Data section>
================

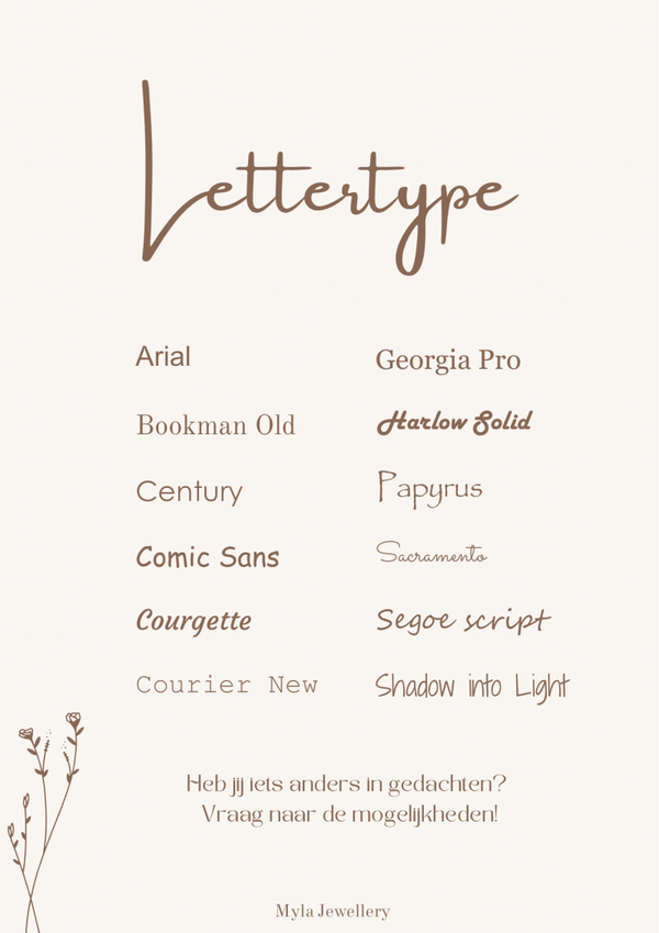 * Heb je er voor gekozen om een tekst op de achterkant te graveren? Vul jouw tekst en letterype in.
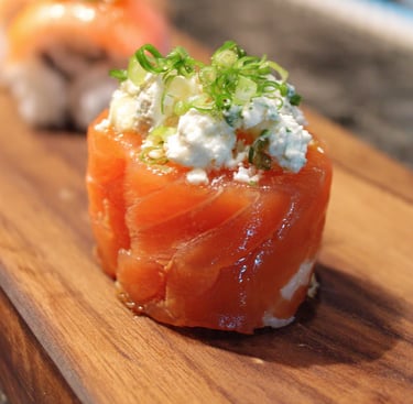 Simplicidade absoluta: bolinho de arroz + fatia de salmão.
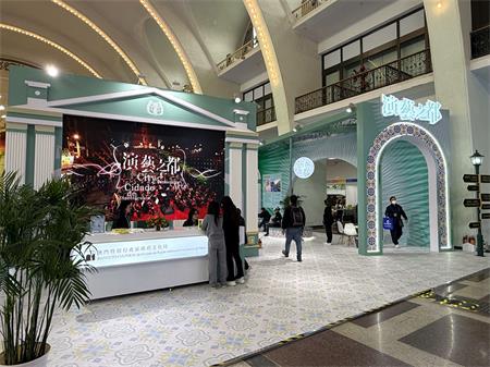 展館以“演藝之都”為主題,融入澳門世遺建築崗頂劇院的設計特色,透過文字、圖像及多媒體呈現方式,突顯澳門文化節慶盛事吸引力,現場設有“時空穿梭‧遊歷三巴”的沉浸式數字影像體驗區,參觀者可穿戴影像虛擬裝置,透過科技置身澳門世遺建築之境,亦可在展館選購澳門藝文節慶特色紀念品。是次參展展示了澳門國際幻彩大巡遊及澳門多個歷史片區的資訊,並藉此推廣崗頂劇院及未來澳門戶外表演區等演藝空間特色。
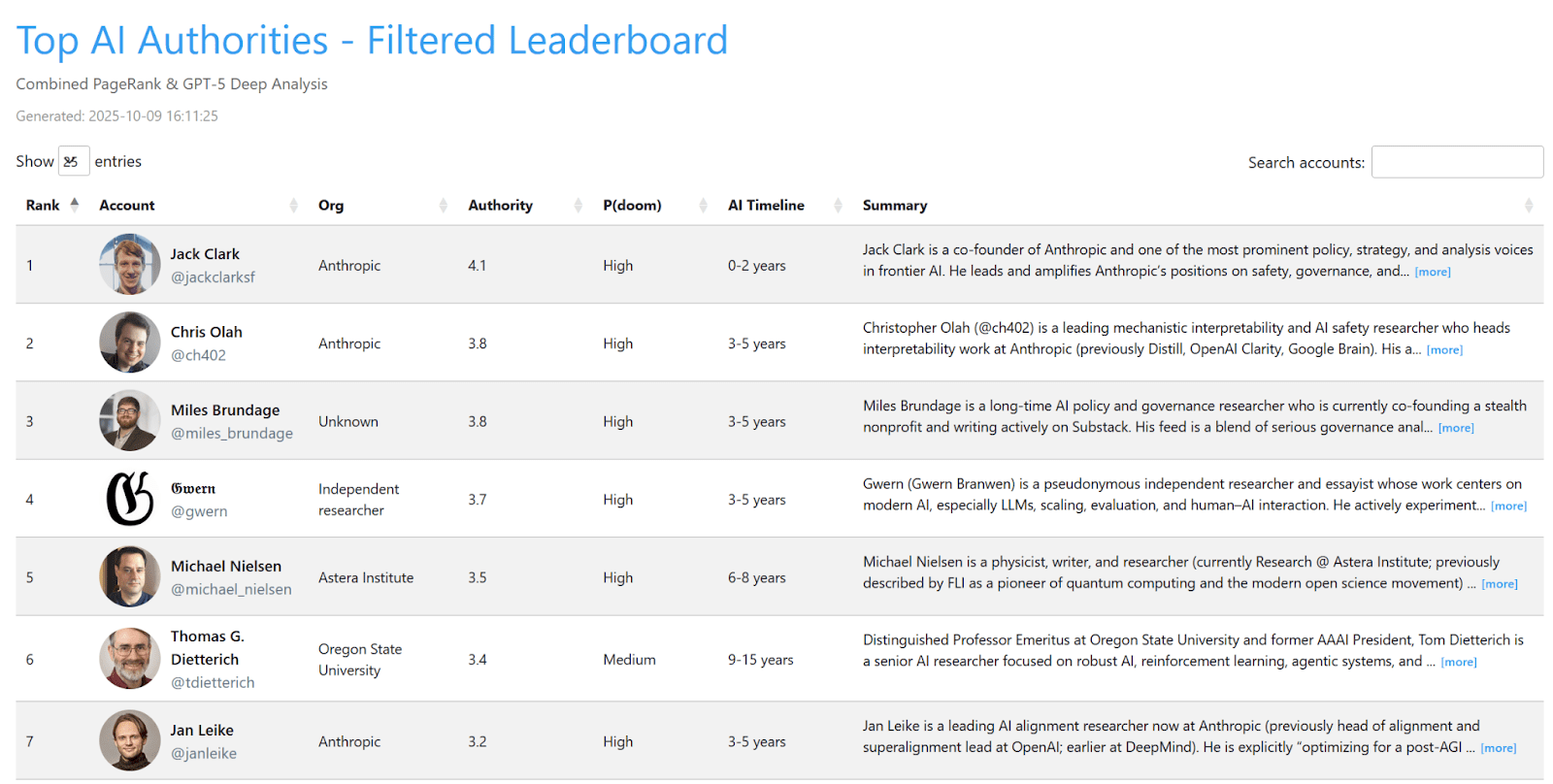 I also had AI analyze their tweets and web search to try and link the user to an org, find their rough P(doom), give a rough AI timeline estimate, and a summary.

================

Work instruction> Output the data above exactly, excluding images.

Answer to the problem>
 * Heb je er voor gekozen om een tekst op de achterkant te graveren? Vul jouw tekst en letterype in.
 Simplicidade absoluta: bolinho de arroz + fatia de salmão.
 展館以“演藝之都”為主題,融入澳門世遺建築崗頂劇院的設計特色,透過文字、圖像及多媒體呈現方式,突顯澳門文化節慶盛事吸引力,現場設有“時空穿梭‧遊歷三巴”的沉浸式數字影像體驗區,參觀者可穿戴影像虛擬裝置,透過科技置身澳門世遺建築之境,亦可在展館選購澳門藝文節慶特色紀念品。是次參展展示了澳門國際幻彩大巡遊及澳門多個歷史片區的資訊,並藉此推廣崗頂劇院及未來澳門戶外表演區等演藝空間特色。
 I also had AI analyze their tweets and web search to try and link the user to an org, find their rough P(doom), give a rough AI timeline estimate, and a summary.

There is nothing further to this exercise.